Almost every detector/sensor, actuator, working with shields for these platforms found at SparkFun Electronics is compatible with the Subutai Blockchain Router. Virtually any new peripheral connect bus could be added to it. In this respect, the Blockchain Router truly surpasses any other IoT gateway on the market. It’s a laboratory and IoT development platform in its own right. Note that this was one of our primary goals when starting out on the design and we’re really excited about it.
Differences Between Editions
The Subutai Blockchain Router’s industrial grade configuration differs from the residential configuration by using FPGA MSoCs operating between extreme temperatures (-40C to 100C) and having a modified memory architecture on the programming logic (PL) side based on HMC DRAM instead of DDR4. The model of the MPSoC’s differs with more transceivers and cross section bandwidth to handle the requirements of Ethereum’s memory hard mining Ethash function. Most importantly though, the FPGA fabric on the industrial grade MPSoC is used for IoT security functions rather than cryptocurrency mining. The Subutai Mission Critical IoT Hardware Security Architecture defines these security functions and their use in mission critical industrial automation applications.
In October 2017, ARM published its Platform Security Architecture which serves as a guidance with primitives to be used. The PSA goes a long way towards fixing the IoT security dilemma coming with the tsunami of devices and data. OptDyn’s framework compliments these primitives and proposes concrete mechanisms for hardware based real time intrusion detection and prevention systems facilitated by IoT gateways like the Subutai Blockchain Router.
Ready for Production Use
OptDyn’s Subutai Blockchain Router takes its place as the high end IoT gateway device in the Caninos Loucos project serving as the foundation of Brazil’s national IoT standard. Professor Zuffo of the University of Sao Paulo spearheads the project,
“We’re really excited about the Subutai Blockchain Router and its industrial configuration with its mission critical security subsystems,” said Dr. Marcelo Zuffo, who spearheads the project at the University of São Paulo, and leads the national IoT effort for Brazil. “The Subutai Blockchain Router, as a secure IoT gateway, has the ability to enable everything from Industry 4.0 to Smart Cities in Brazil. We’re very excited to complete this last part of the puzzle thanks our collaboration with OptDyn, Inc.”

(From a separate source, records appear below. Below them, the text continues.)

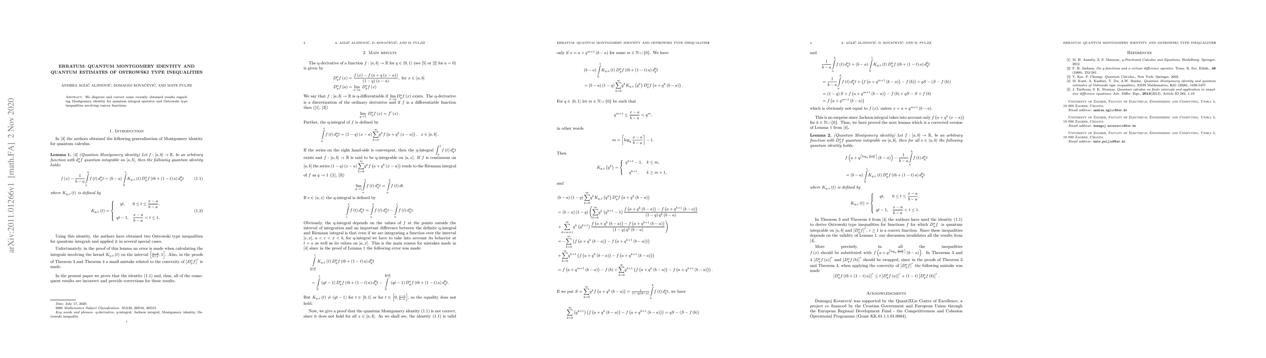 We disprove and correct some recently obtained results regarding Montgomery identity for quantum integral operator and Ostrowski type inequalities involving convex functions.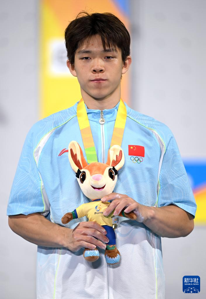4月28日,冠军中国选手赵一程在颁奖仪式上。
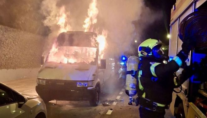 Un incendio declarado en la madrugada de este lunes ha calcinado por completo una furgoneta camperizada que se encontraba estacionada en la calle Gran Canaria, en el Parque Atlántico de Jerez. El aviso del suceso se recibió a las 05:45 horas, momento en que los efectivos del Parque de Bomberos jerezanos se desplazaron rápidamente hasta el lugar para sofocar las llamas que envolvían al vehículo.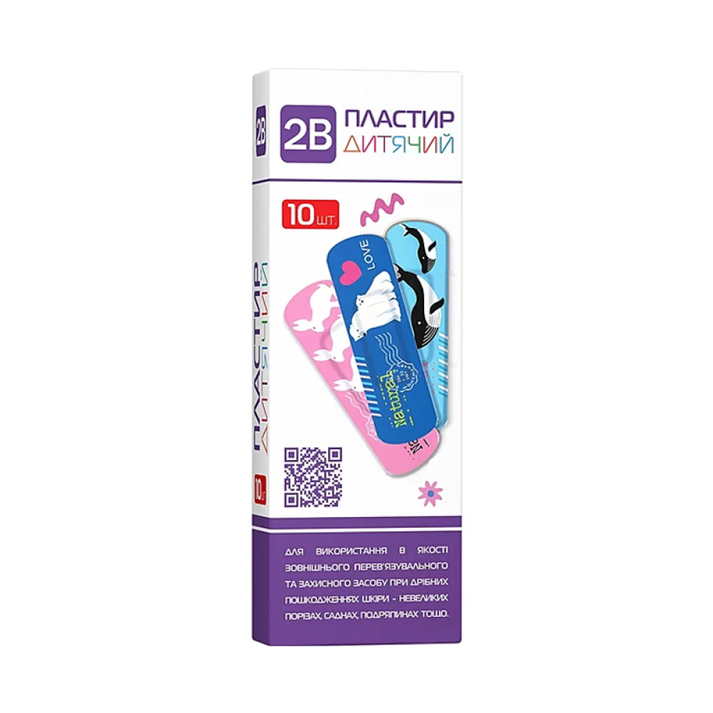 Водостійкі пластирні смужки для дітей 2В виготовлені з поліетилену та прикрашені яскравими дитячими зображеннями. Завдяки цьому діти легше сприймають процедуру захисту рани. Яскраві малюнки відволікають їхню увагу, а спеціальний розмір 19*56 мм дозволяє пластирям оптимально прилягати до шкіри, забезпечуючи надійний захист.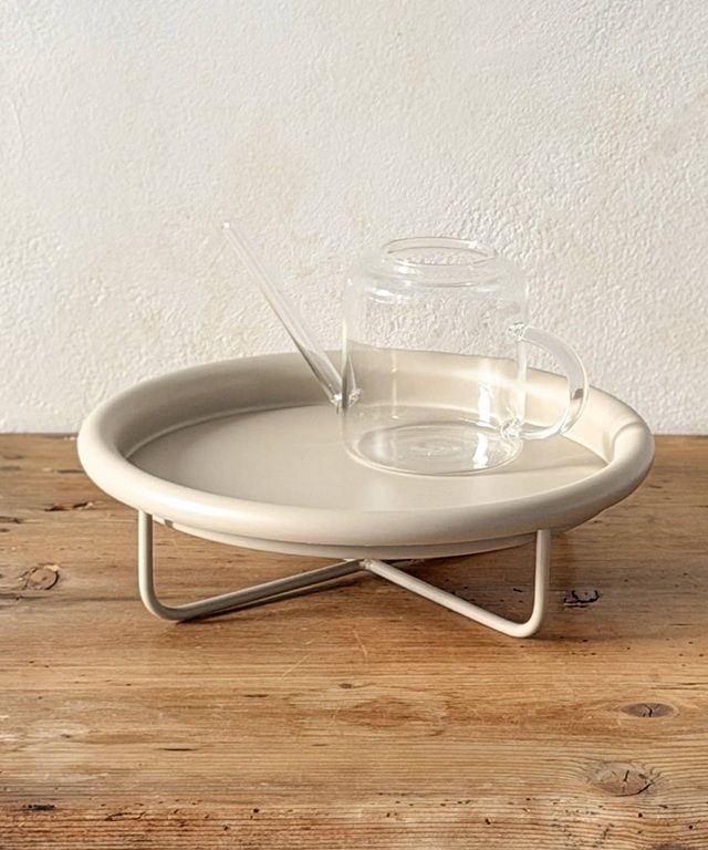 ●細身の脚と縁のある丸いトレーを組み合わせた、シンプルで使い勝手の良いアイアントレー。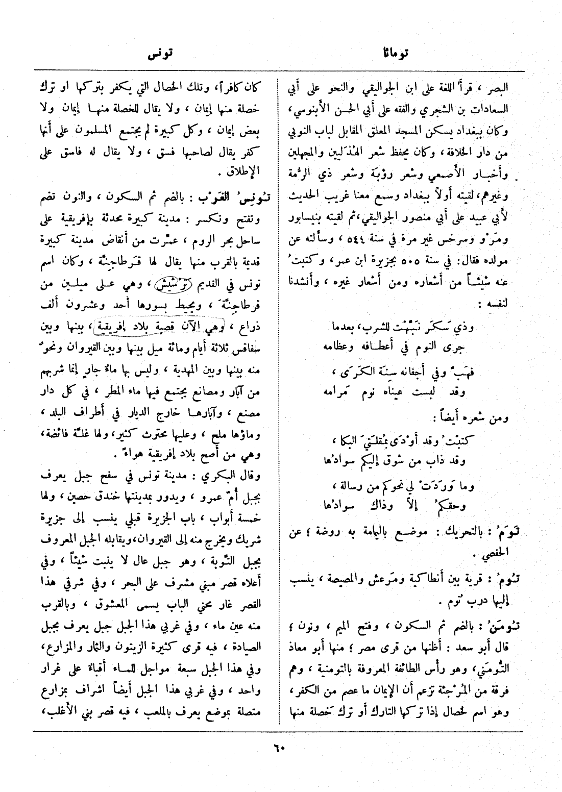 بالضم ثم السكون، وفتح الميم، ونون قال أبو سعد: أظنها من قرى مصر منها أبو معاذ التّومني، وهو رأس الطائفة المعروفة بالتومنية، وهم فرقة من المرجئة تزعم أن الإيمان ما عصم من الكفر، وهو اسم لخصال إذا تركها التارك أو ترك خصلة منها كان كافرا، وتلك الخصال التي يكفر بتركها او ترك خصلة منها إيمان، ولا يقال للخصلة منها إيمان ولا بعض إيمان، وكل كبيرة لم يجتمع المسلمون على أنها كفر يقال لصاحبها فسق، ولا يقال له فاسق على الإطلاق.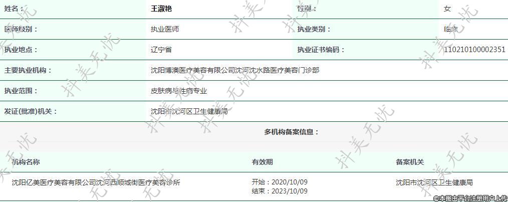主要執(zhí)業(yè)機構(gòu):沈陽博澳醫(yī)療美容有限公司沈河沈水路醫(yī)療美容門診部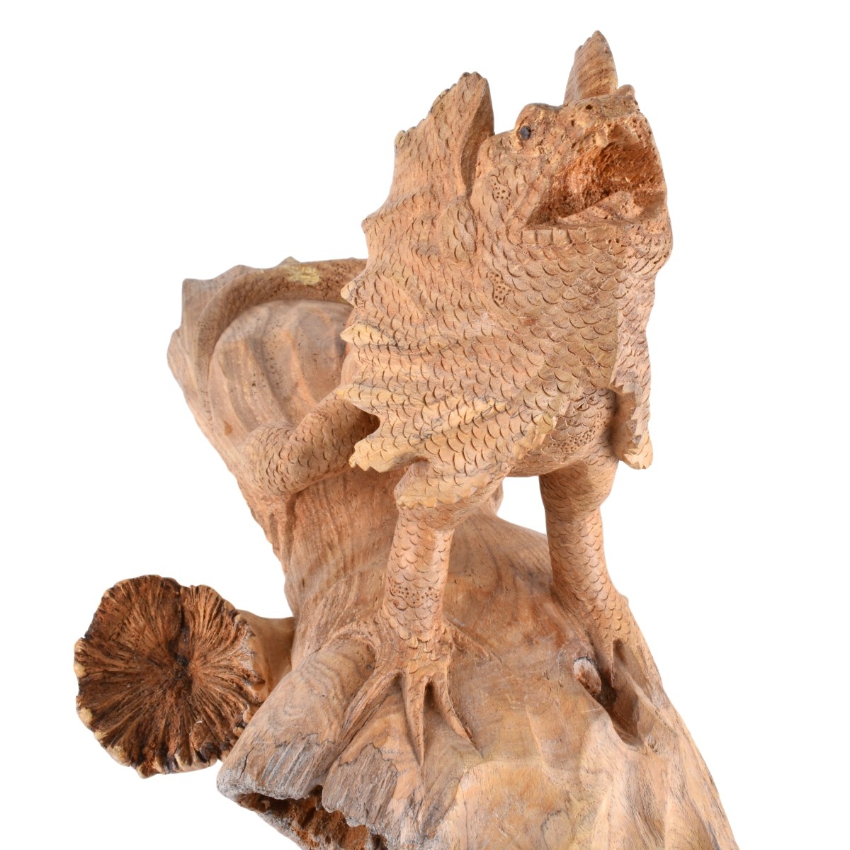Two (2) Carved Wood Lizard Sculptures. Unsigned. Larger measures 10-1/2" H x 14" L x 8" D. Domestic Shipping: $75.00 Min Est. $100.00 Max Est. $150.00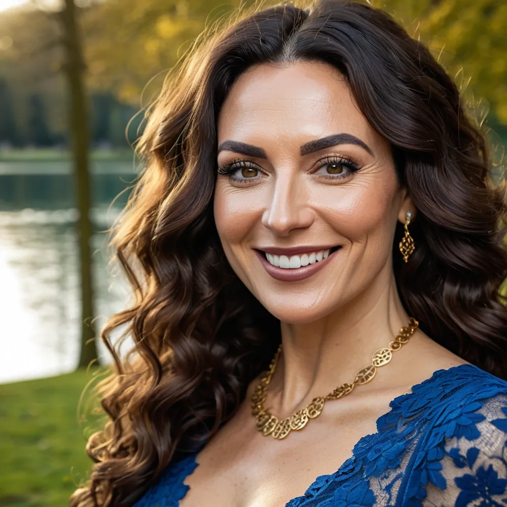 Ultra-high-definition photorealistic close-up portrait of a 34-year-old , very beautiful , brunette girl , with long , wavy and curly hair , wearing a blue lace dress and smiling confidently at the camera. Her skin is radiant and natural with a warm , approachable expression , smart make-up and a golden heavy necklace. The background depicts a soft , blurred park with trees and a lake. The lighting is bright and even , emphasizing her features and the friendly tone of the image. ,
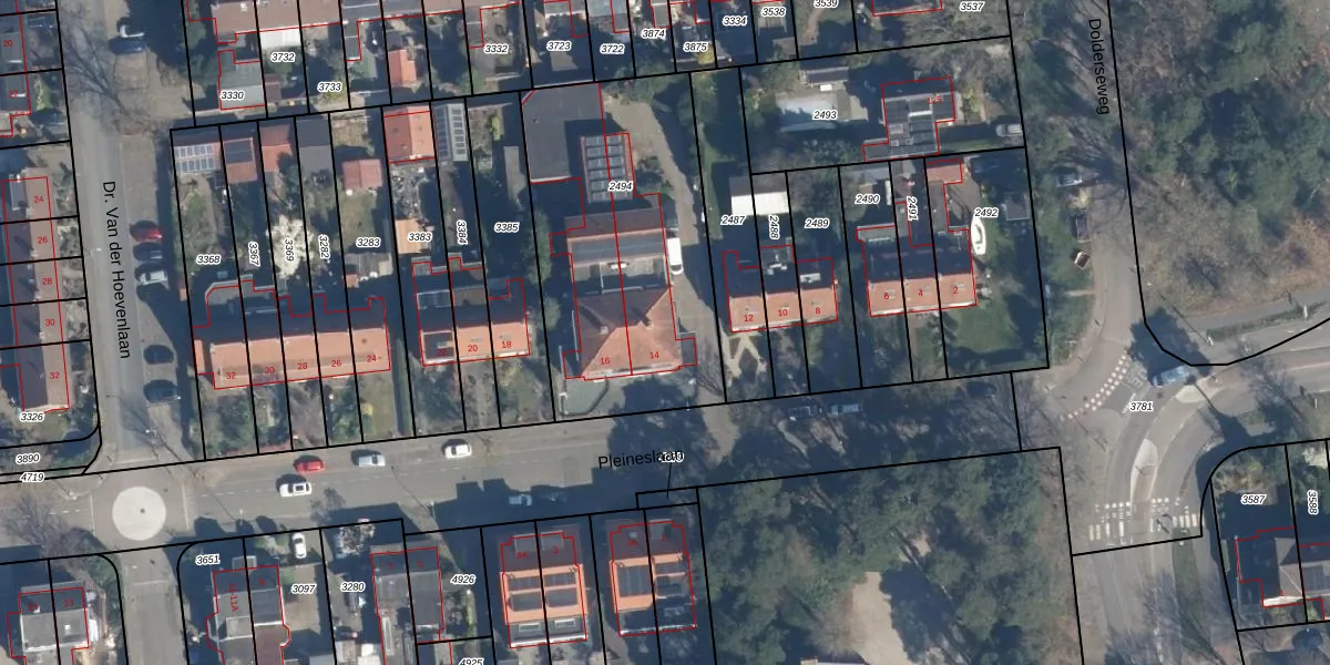 Pleineslaan 14 is gelegen op kadastraal perceel ZEI00A2494. Deze kadastrale aanduiding is uniek en wordt gebruikt door het Kadaster om eigendomsrechten en andere zakelijke rechten vast te leggen. Het perceel maakt onderdeel uit van de kadastrale gemeente Zeist.

“Mission critical IoT systems don’t have the option of learning from failures where lives and property are at stake,” said Professor Miguel Matrakas, manager of Celtab, one of the Research Centers of the Itaipu Technological Park (PTI; a foundation responsible for promoting scientific, technological and innovation development linked to Itaipu Binacional, the largest clean energy generator in the world), who surveyed the Subutai Blockchain Router v1.0 at Latinoware with Hall and OptDyn CTO and Founder Alex Karasulu. “The Subutai Blockchain Router and its industrial configuration provide the crucial hardware security infrastructure needed for IoT applications in the utility sector.”
“We’re impressed with the innovation and level of performance possible for numerous Smart City IoT projects using the Subutai Blockchain Router,” said Bruno Freitas, Head of the Innovation Unit for the State of São Paulo, Brazil. “The benefits of using this technology —which is being manufactured in São Paulo as part of the Brazilian national IoT program— are apparent. We look forward to considering the Subutai Blockchain Router as a viable option to meet the demands for IoT projects that build an intelligent and prosperous state and cities.”
The Residential Edition of the Subutai Blockchain Router is slated to go into production later this year after the Industrial Edition enters the market and we’re very excited about it’s ecological impact as an alternative to GPU based mining. It’s coming at just the right time, and offers greater flexibility over hardwired ASIC solutions. We also see the Blockchain Router opening the cryptocurrency mining market to FPGA vendors as well as ISP’s interested in providing them to their customers.
The primary cost of production for FPGA/SoC manufacturers is the startup costs of R&D and setting up manufacturing facilities. The difference between making 10 million versus 100 million chips is negligible. The high costs of FPGA SoC’s on the market is to control prices to recoup these initial startup costs. With a larger market for their chips FPGA manufacturers will naturally produce more and drop prices to earn more in the end. It’s all about marginal product revenue.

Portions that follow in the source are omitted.